Author Block: Y. Eslaamizaad, M. Berrou, P. Almalouf; Pulmonary and Critical Care, University of South Alabama, Mobile, AL, United States.
Introduction:
Spontaneous pneumomediastinum is a rare condition defined by the presence of mediastinal free air in the absence of a precipitating cause. When presented with subcutaneous emphysema, it is known as Hamman’s syndrome. This condition was first described in a postpartum case and is most often reported as a result of excessive Valsalva maneuvers, persistent retching, coughing, straining and inhalational drug abuse. Although benign and self-limiting, due to its rarity and infrequent discussion within the literature, the diagnosis of Hamman’s syndrome can lead to unnecessary and expensive diagnostic and surgical procedures.
Case Report:
28-year-old Caucasian female presented to the emergency department with a two week history of chest pain exacerbated by deep inspiration and movement. Past medical history was significant for bipolar disorder, anxiety and migraines and patient had never had any history of asthma, tobacco abuse or alcohol. She denied any history of trauma, vomiting, foreign body ingestion, recreational drug use, smoke inhalation or prior history of similar episodes. Vital signs were only significant for a heart rate of 125 beats/minute and otherwise within normal limits. On physical examination she was found to have palpable subcutaneous emphysema over the left upper extremity, and the rest of the exam was unremarkable.
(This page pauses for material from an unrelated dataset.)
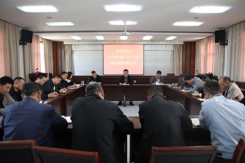 10月23日下午,青口投资公司召开三季度安委会(扩大)会议暨秸秆禁烧会议。公司党委书记、董事长、总经理史祥平,副总经理杨青松,各单位负责人、安全员以及安委会成员参加会议。
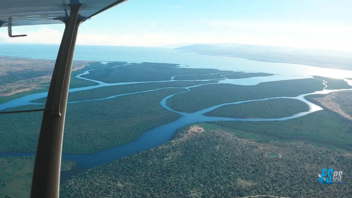 A posterior llegamos al delta que forma el río Nilo al ingresar al Lago Alberto, y de allí al destino ingresando en final de la pista 06 del aeródromo Pakuba (HUKF), todavía en Uganda.

Routine laboratory evaluations including troponins were unremarkable. Drug screen was negative. Electrocardiogram demonstrated normal sinus tachycardia without any findings. A chest radiograph showed subcutaneous and intramuscular emphysema over the chest with no associated pneumothoroax. The chest CT scan confirmed extensive subcutaneous emphysema primarily involving the right pectoralis muscles and extending into bilateral arms and pneumomediastinum extending superiorly into the soft tissues of the neck. Bronchoscopy was performed for airway inspection and demonstrated no abnormal findings. Due to hemodynamic stability, patient was observed for 48 hours and discharged home. On clinic follow-up subsequent imaging demonstrated decrease in subcutaneous emphysema and decreased crepitus on exam.
Discussion:
Hamman’s syndrome is a rare condition known to be associated with transiently elevated intra-alveolar pressure. Our patient exhibited classic clinical and radiographic presentation. All possible causes were investigated and ruled out. It is possible that presentation is associated with anxiety disorder and primary hyperventilation syndrome. The majority of cases are typically benign, non-recurrent and managed with observation alone. Chest X-ray is the most important diagnostic test and the inclusion of Hamman’s syndrome as part of the differential of chest pain and subcutaneous emphysema avoids unnecessary procedures and treatment.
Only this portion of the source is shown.